Heart of Moscow (From the Archives)

This is the proverbial heart of Moscow.

You can even see the Kremlin looming in the background. I could wander here for hours.

Blueprints of these streets—both the old, narrow, winding, covered with cobble stone and broad, multi-lane highways—exist semi-consciously in my mind or, perhaps, on a more primal, physical level.  I walk and walk these streets somewhere at the intersection of sight and disjointed memories: I've been here before, and I'll be here again. 

You know, I think I'm really liking this self-imposed archival section of the blog. Not only does it allow me to reevaluate my previous work, but also to discover certain aesthetically pleasing photographs that have been hiding in my files!

From the Archives

Some days, I miss my hometown more than others, especially when I don't know exactly when I'd be able to visit next. This bout of nostalgia prompted me to dig up a number of yet-to-be-edited photographs, and here we are. Posting images of the Kremlin might seem a bit contrived, but no less beautiful, at the same time, particularly at night.

Eurasia sans Color

Beyond this city dweller's melancholy and, at the same time, inquisitive facial expression (!), I've liked this image ever since I had captured it.
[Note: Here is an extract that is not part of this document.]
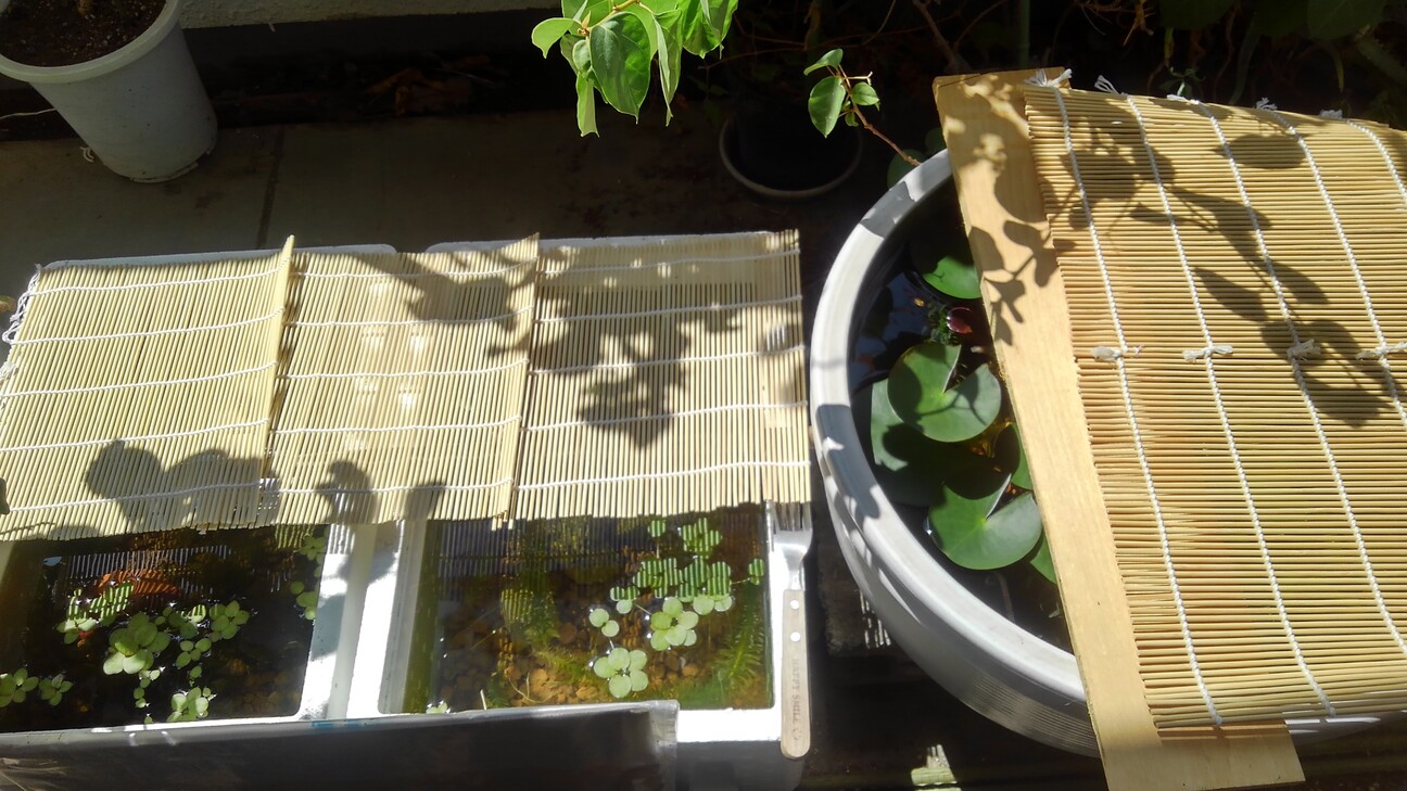 ‐現在は睡蓮鉢(ずっといる成魚)、発泡スチロール水槽①(♂の楽園)発泡スチ

Yet I couldn't quite determine as to why.

Only after converting it to sepia, I realized that what I was being drawn to was its strong tactile quality--the textural contrast between the rusted fence and this Eurasian crow's smooth, shiny feathers.
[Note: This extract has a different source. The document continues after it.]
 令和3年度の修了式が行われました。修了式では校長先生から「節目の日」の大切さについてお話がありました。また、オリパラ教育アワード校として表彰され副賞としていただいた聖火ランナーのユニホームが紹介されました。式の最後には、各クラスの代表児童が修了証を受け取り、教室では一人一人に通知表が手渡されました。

Color, color that I normally love, had to be destroyed.

Placebo

Perhaps, I am getting a tad predictable in my old age.

After all, as I had tasted my coffee diluted with cold autumn rain on another interchangeable cloudy, stormy, gray evening on the way home, I've naturally gravitated toward posting sun-kissed onion domes of the Ivan the Great Bell Tower.
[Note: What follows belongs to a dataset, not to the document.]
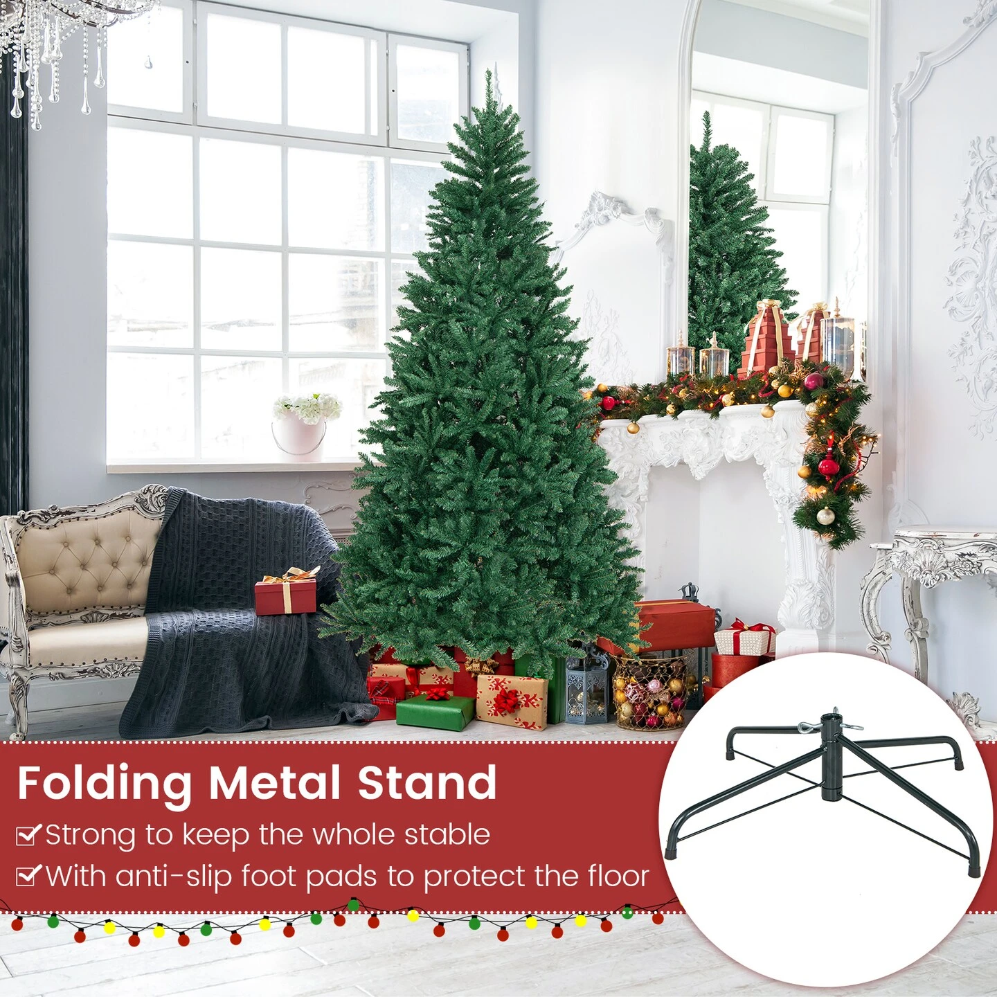 Strong Metal Stand: Welcome the wobble-free Xmas tree! It’s supported by a folding metal stand with 3 bolts, which is perfectly reinforced to gain higher strength. Also, it comes with anti-slip foot pads that safeguard your floor from being scratched.

And a place that I always miss. Sometimes more so than others.

In Prayer?

She sat on a bench outside the Greater Church of the Ascension at Nikitskii Gates Square, glasses on the tip of her nose, as her entire face was buried in a prayer book held by the strained tips of her elongated fingers. Frowning heavily, her face had the expression not of mere concentration but of genuine sorrow.

 

Documentary photography of what I call The City presupposes my chosen subjects' complete lack of awareness that they are being targeted.  And I don't feel uncomfortable about that: after all, I am recording urban life--factographically, as 1920s Russian aesthetic theorists would've referred to it--with respect for each subject.

With her, however, I felt that I was infringing on a very private moment even if held in a public space. I suppose full-time photojournalists in war zones get over that sentiment very quickly.

To me, the line of documentation and intrusion now seems blurred.

Where Did All the Bubbles Go?

Considering what I normally post to this blog, seeing the following images might come as a bit of a surprise. However, I really enjoy recording interactions between people and their children (and, of course, people and their pets!). 

Unlike most photography of this nature, my preference is, by and large, documentary, that is, no posing is involved.  I believe that it's both possible to depict people at their best and their most authentic at the same time.

Of these, my favorite shows the two children, because it resembles something between Renoir and Degas. 

Moscow Nights

>>Enter nostalgic mode. <<

"Moscow Nights" is likely one of the best known Russian songs abroad. Despite being somewhat contrived, however, it possesses the right kind of sentimentality, especially when performed by our operatic badass, Dmitri Hvorostovsky:

The river is flowing, and seems still;
Everything shines silver in the moonlight;
Song is heard, and then it's silent again
On these quiet evenings.

Like this: 

Of course, technically the song is about those nights that are spent outside of Moscow. Yet, at the same time, Russia's capital was smaller when it was written in the 1950s, so the error is forgivable. 

Moscow is a magical city.  If you look up, you just might catch a glimpse of a naked witch flying over your head as she straddles a pig. At least in literature!  

But it can also be serene. After all, it rightfully is the Third Rome. 

These are my recent Moscow nights:

A bit too central, but at least I lived them.

Birdman

Is it possible to shoot 10 GB of photos and pick a single favorite? 

Yes. 

This is it: 

He really stood out, this Birdman, in Moscow's Vorontsovsky Park, filled with joyous children and their parents' fashionably overdressed lapdogs.

Some would say that he was an urban St. Francis, but a more careful inspection reveals the piercing alienation of a contemporary metropolis embedded in the grooves on his face.

A Fateful Place for a Meeting

- Do you know whom you are speaking with - Woland asked the newcomer - and whom you're currently visiting?
- I know - replied the Master - my neighbor in the mental asylum was this boy, Ivan the Homeless. He told me about you.
- Of course - Woland responded - I had the pleasure of meeting this young man at the Patriarch's Ponds. He almost drove me insane, proving to me that I do not exist! But you do believe that I am real?
 - I am forced to believe - said the newcomer - but, of course, it would be much safer to consider you a fruit of my hallucinations. I apologize - realizing what he had just said - added the Master.